Met de 2-0 uit de heenwedstrijd op zak was dat voldoende voor de rossoneri om voor de tweede keer in drie jaar de finale te halen. Al kan PSV met recht zeggen dat de beste ploeg verloor. Meer nog dan in Milaan heerste PSV en wees alles erop dat de ploeg van Guus Hiddink de stunt zou voltooien. Totdat Massimo Ambrosini de dromen in blessuretijd aan diggelen kopte.
Waar PSV vooraf bang voor was, dat het door de fysieke kracht van Jaap Stam en consorten centraal in de aanval niet veel zou kunnen uitrichten, kwam niet uit. Sterker nog, Jan Vennegoor of Hesselink troefde Stam op basis van kracht vrijwel direct af.

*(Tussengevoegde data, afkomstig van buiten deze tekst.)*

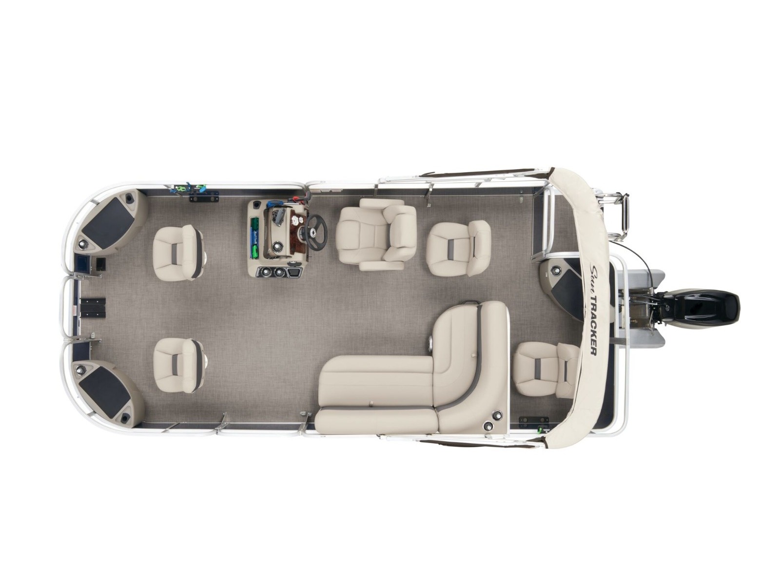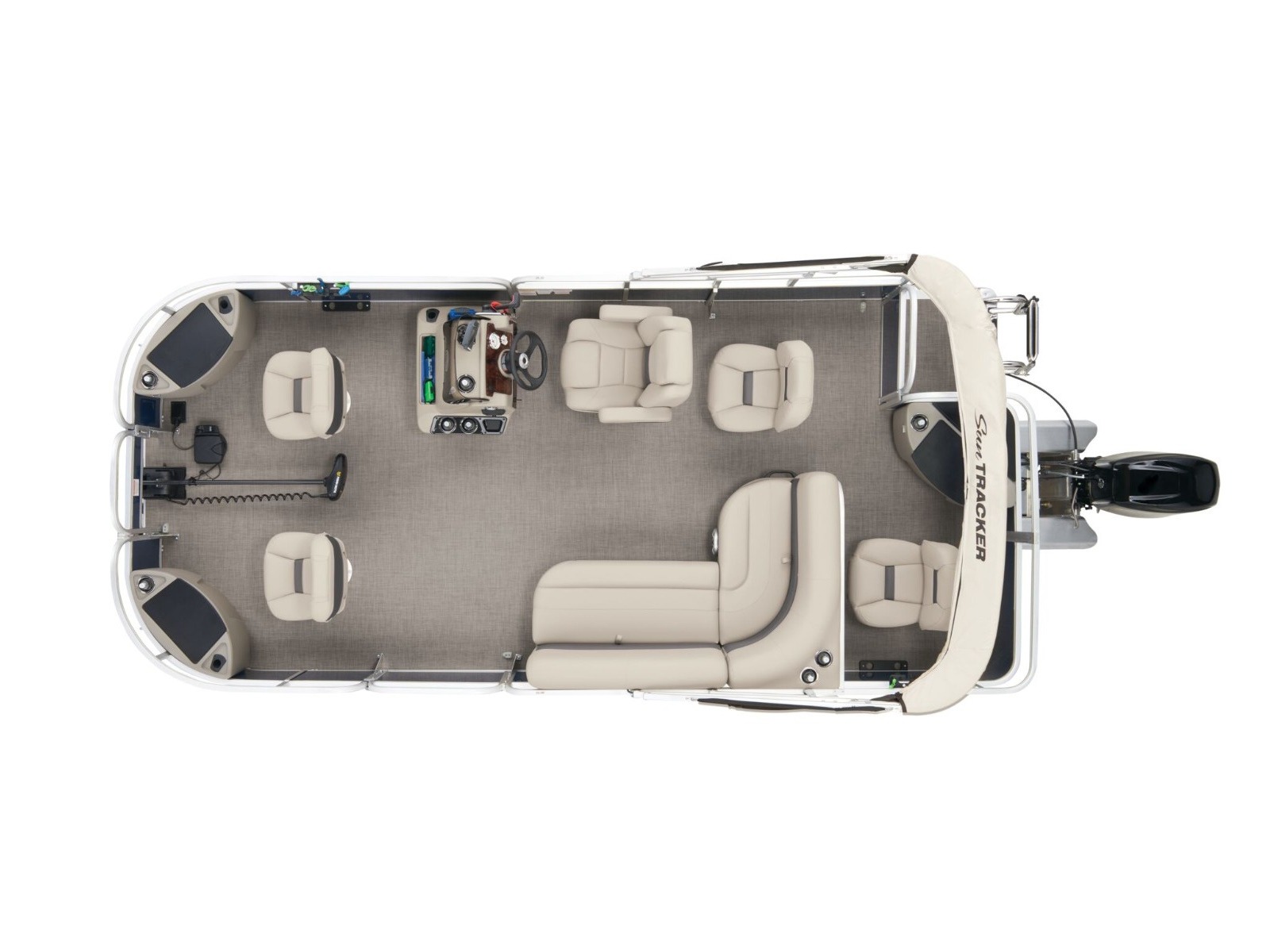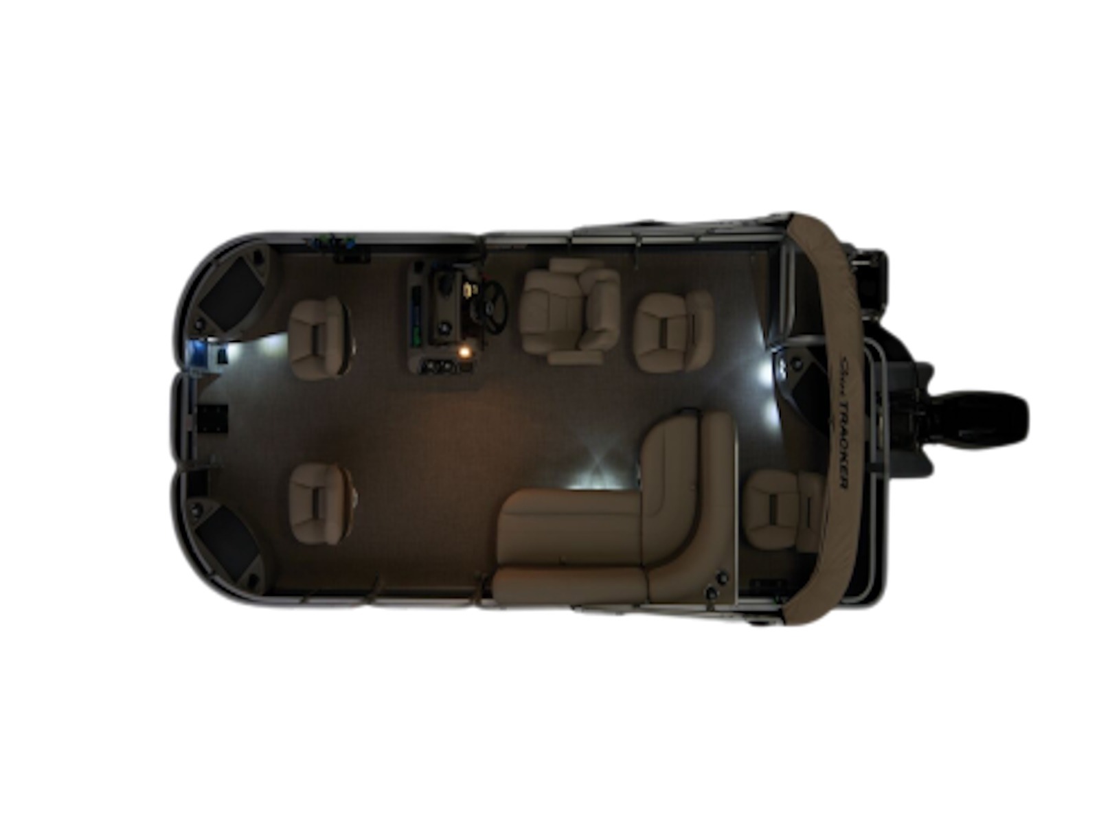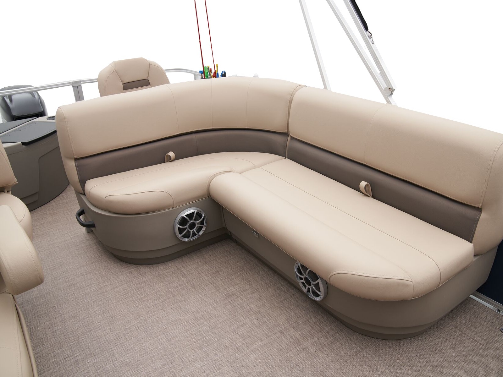 - Driver console w/vertical rod holder, integrated storage, drink holders & side-mounted controls

In de zestien trok de Nederlandse Milan-verdediger hem vervolgens lichtjes onderuit maar een sanctie was niet nodig omdat Ji-Sung Park instormde en de bal hoog in de touwen joeg: 1-0, met nog maar acht minuten op de klok. Lange Jan maakte zelf bijna de 2-0. Uit een vrije trap van Mark van Bommel won de spits van PSV het in de lucht en kopte de bal op de lat. Even later kwam Alex als winnaar uit de strijd maar de Braziliaan kopte via de grond over.
Milan stelde daar maar bitter weinig tegenover. Het was PSV dat vastberaden en zonder schroom het initiatief pakte en vasthield. Ook na de pauze. De Italiaanse ploeg kreeg vrijwel geen moment rust en moest hopen op een snelle uitval.
Voordat die er kwam - Theo Lucius redde toen Andrei Sjevtsjenko ontsnapte - kreeg PSV één uitstekende kans. De één-twee van Phillip Cocu met Jefferson Farfán was fraai, het overstapje van Mark van Bommel fraaier. De bekroning bleef uit omdat Park deze keer een mispeer van jewelste produceerde.
Toch kon de 2-0 niet lang uitblijven. Daarvoor speelden de Eindhovenaren te goed, met hoofdrollen voor de vliegende backs Lucius en Young-Pyo Lee, op wie Milan geen vat kon krijgen. Vooral Lee was in aanvallend opzicht niet te houden.
Met een van zijn acties stond de Koreaan aan de basis van de tweede goal. Lee kapte nu eens niet terug naar rechts maar zette met links voor. Cocu timede en knikte de bal laag langs de grabbelende handen van Dida.
De wedstrijd leek uit te monden in een verlenging. Een moment van onachtzaamheid van Van Bommel werd PSV echter alsnog fataal. Kaká zette voor en Ambrosini kon geheel vrij de 2-1 binnenkoppen. Dat Cocu met een fraaie volley nog 3-1 maakte, hield de spanning hoog. Maar een verlossend vierde doelpunt bleef uit.